**About this exercise**
Print only what runs from the line that includes "S314線寧都縣石漢橋危橋重建工程勞務(wù)詢價(jià)確認(rèn)書" to the end of the listing, word for word, and do not include any pictures.
□ □ □
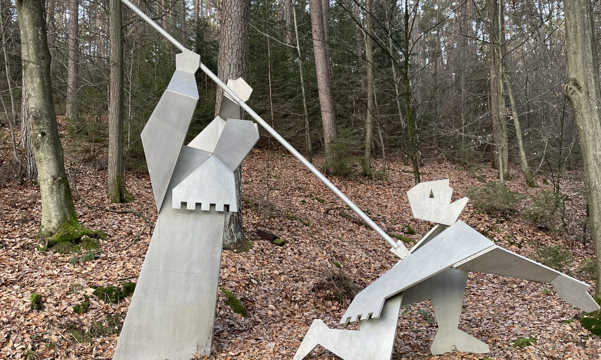Bereits in Sichtweite der Straße reklamiert der Lindelbrunnen mit einem modernen Kunstwerk aus Stahl (siehe Titelbild dieser Seite) im Wettbewerb für sich sehr markant der Tatort der Tragödie zu sein. Wir nähern uns von oben aus dem Wald und machen uns ein eigenes Bild.
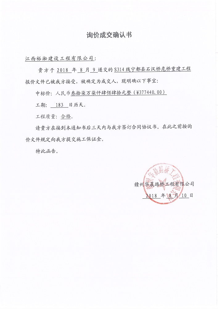 S314線寧都縣石漢橋危橋重建工程勞務(wù)詢價(jià)確認(rèn)書
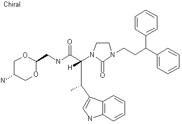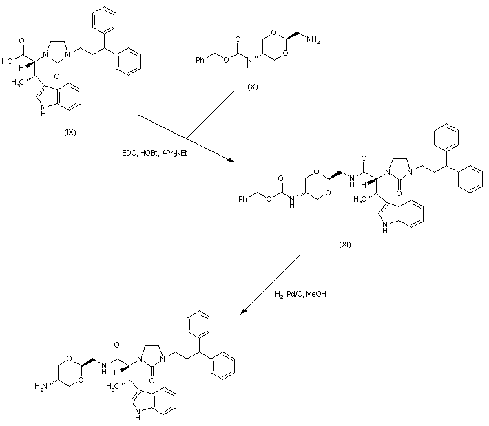 Treatment of (Boc)-beta-methyltryptophan (I) with SOCl2 and MeOH produced beta-methyltryptophan methyl ester (II). 3,3-Diphenylpropylamine (III) was protected with Boc2O and then alkylated with allyl bromide in the presence of potassium hexamethyldisilazide to afford (IV). Further ozonization of the allyl double bond of (IV) generated the aminoaldehyde (V). Amino ester (II) was reductively alkylated with aldehyde (V) in the presence of NaBH3CN to yield the protected diamine (VI). After acid deprotection of the Boc group of (VI), the resulting diamine (VII) was converted to imidazolinone (VIII) upon treatment with phosgene and diisopropylethylamine. Subsequent hydrolysis of the methyl ester of (VIII) gave carboxylic acid (IX).
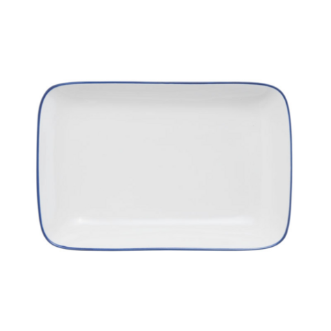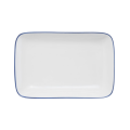 Bistro Plate, 14"L x 8-1/2"W, rectangular, coupe, dishwasher, microwave, freezer and oven safe, vitrified porcelain, white with blue band (must be purchased in case quantities)
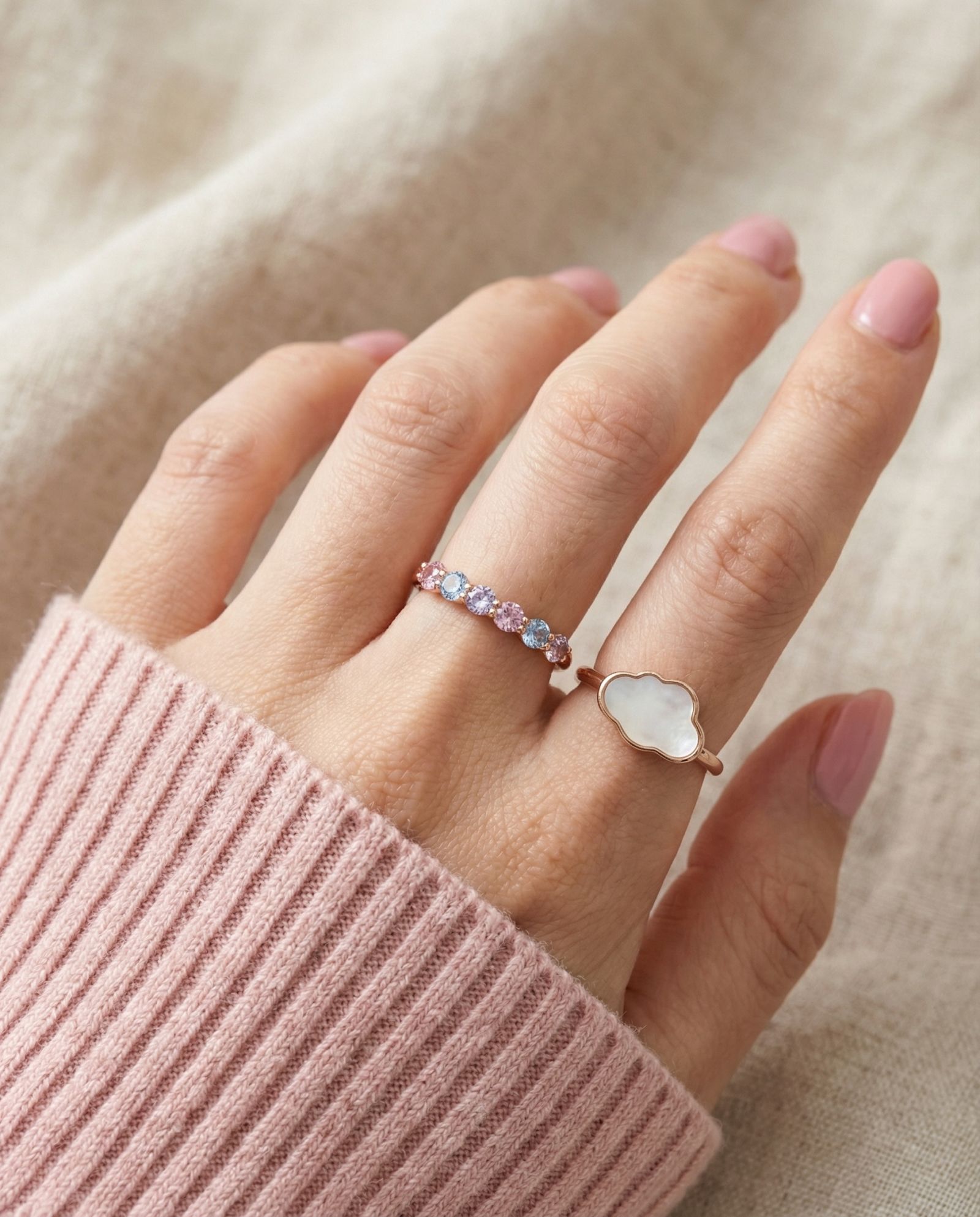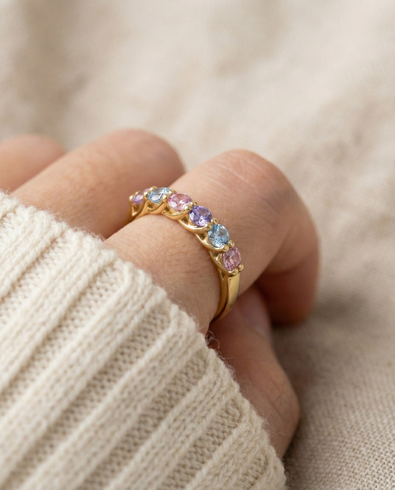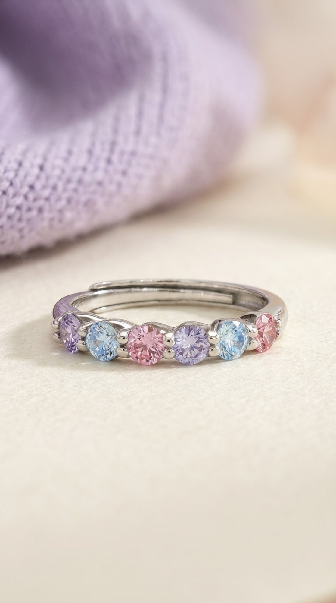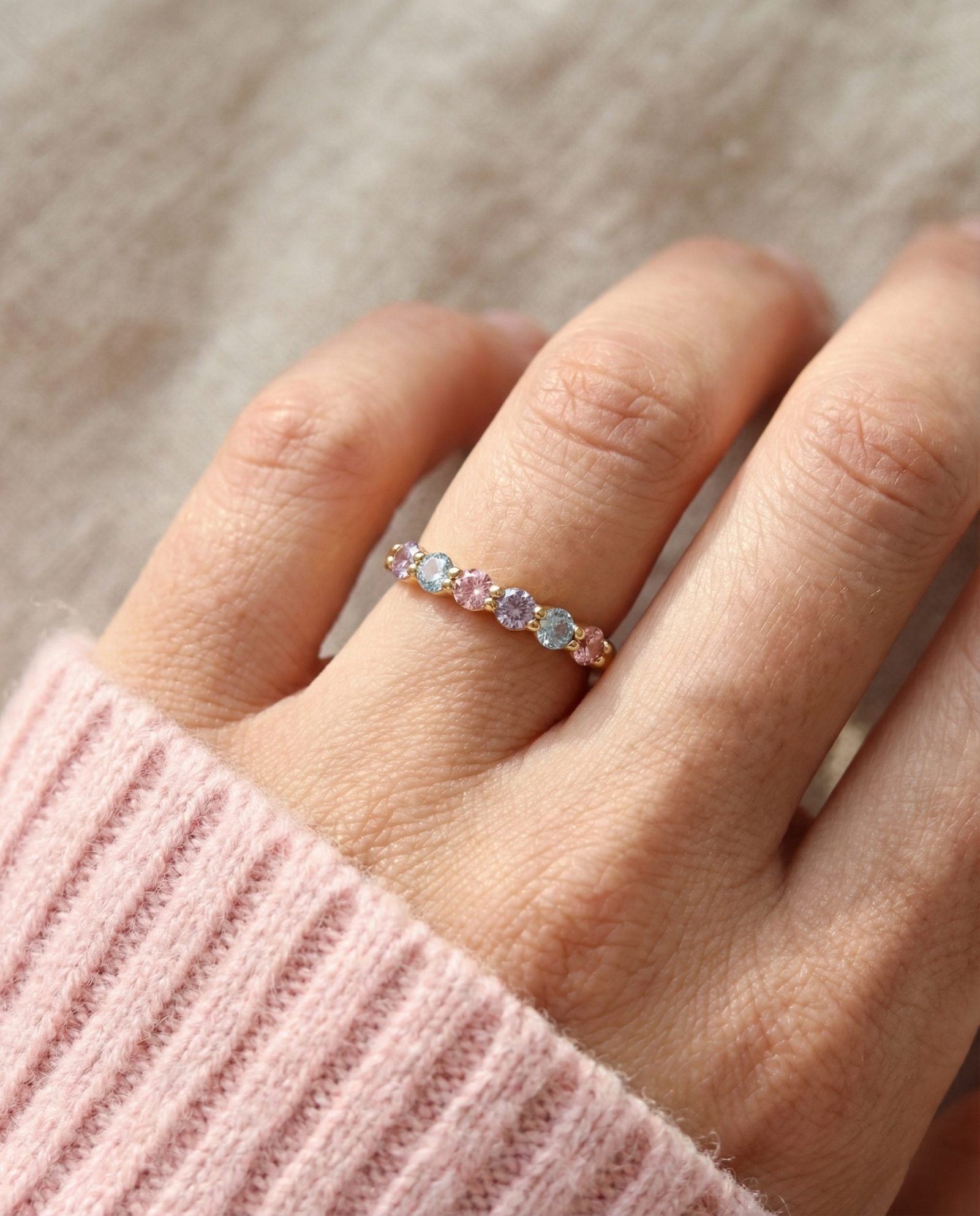 Soft as a daydream ✨Our Entwine Eternity Band in baby blues, blush pinks, and lilacs adds a touch of whimsy to timeless sparkle. With delicate prongs entwining to showcase each gem’s gentle glow, it’s pure, pastel perfection.
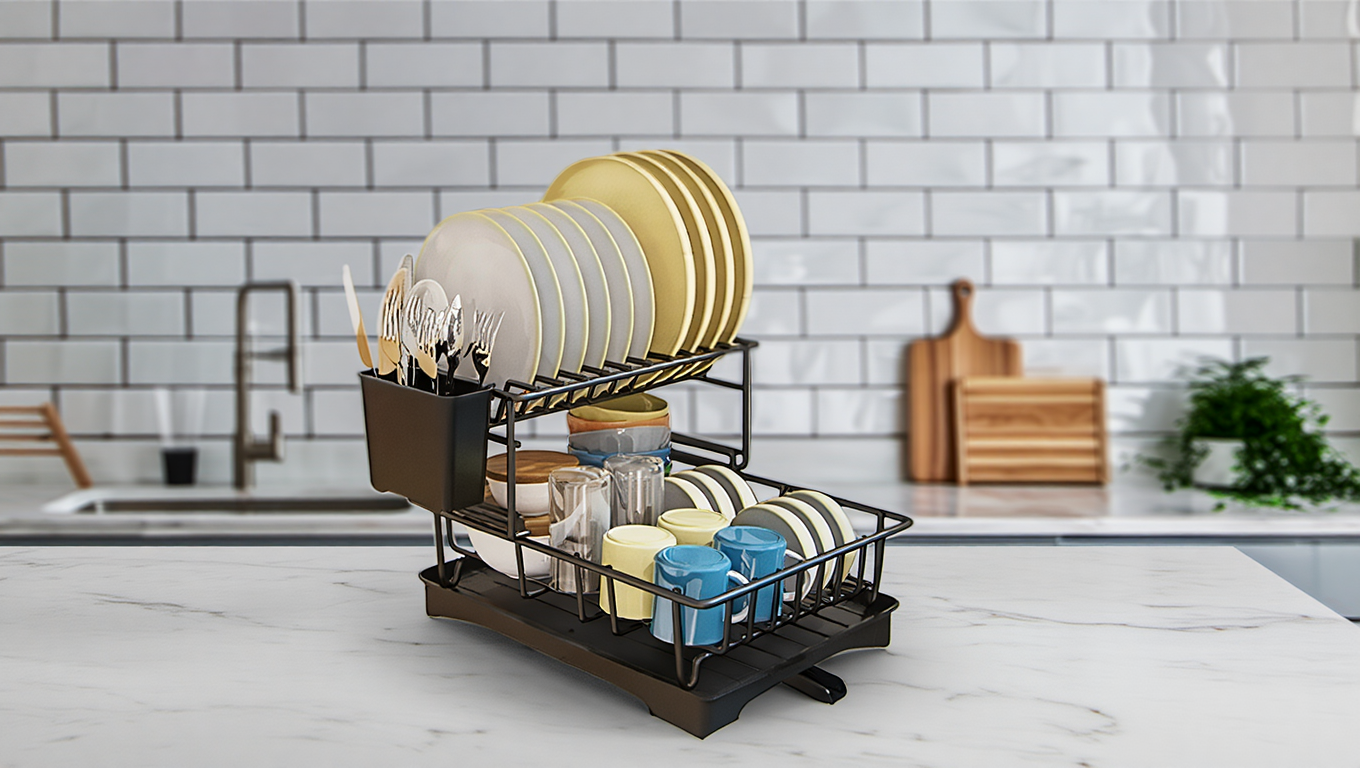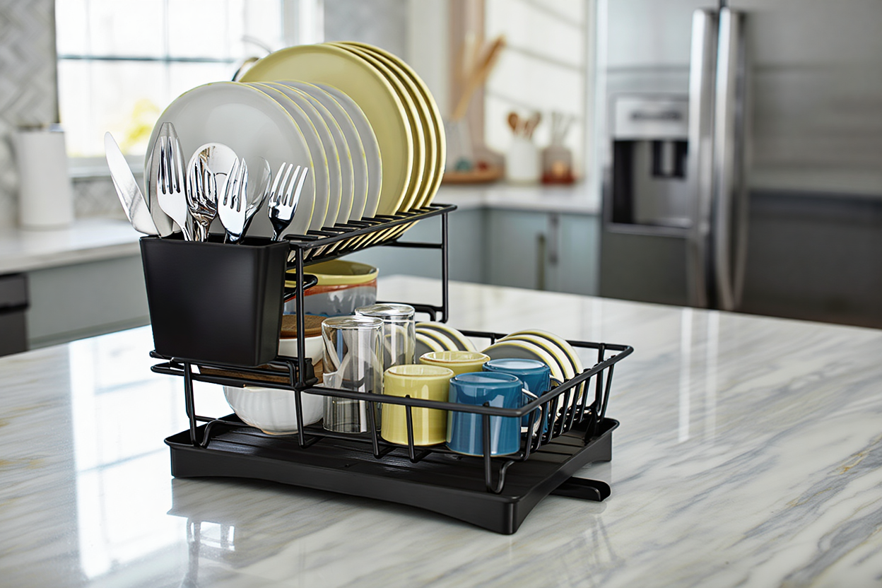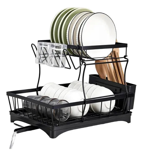 Optimiza tu espacio en la cocina y mantén tu mesada seca con este elegante y funcional escurridor de platos de metal. Su diseño inteligente te permite secar tus utensilios de forma higiénica y eficiente, mientras su bandeja integrada se encarga de todo el goteo. 💧
□ □ □
**Your response**
 S314線寧都縣石漢橋危橋重建工程勞務(wù)詢價(jià)確認(rèn)書
 Treatment of (Boc)-beta-methyltryptophan (I) with SOCl2 and MeOH produced beta-methyltryptophan methyl ester (II). 3,3-Diphenylpropylamine (III) was protected with Boc2O and then alkylated with allyl bromide in the presence of potassium hexamethyldisilazide to afford (IV). Further ozonization of the allyl double bond of (IV) generated the aminoaldehyde (V). Amino ester (II) was reductively alkylated with aldehyde (V) in the presence of NaBH3CN to yield the protected diamine (VI). After acid deprotection of the Boc group of (VI), the resulting diamine (VII) was converted to imidazolinone (VIII) upon treatment with phosgene and diisopropylethylamine. Subsequent hydrolysis of the methyl ester of (VIII) gave carboxylic acid (IX).
 Bistro Plate, 14"L x 8-1/2"W, rectangular, coupe, dishwasher, microwave, freezer and oven safe, vitrified porcelain, white with blue band (must be purchased in case quantities)
 Soft as a daydream ✨Our Entwine Eternity Band in baby blues, blush pinks, and lilacs adds a touch of whimsy to timeless sparkle. With delicate prongs entwining to showcase each gem’s gentle glow, it’s pure, pastel perfection.
 Optimiza tu espacio en la cocina y mantén tu mesada seca con este elegante y funcional escurridor de platos de metal. Su diseño inteligente te permite secar tus utensilios de forma higiénica y eficiente, mientras su bandeja integrada se encarga de todo el goteo. 💧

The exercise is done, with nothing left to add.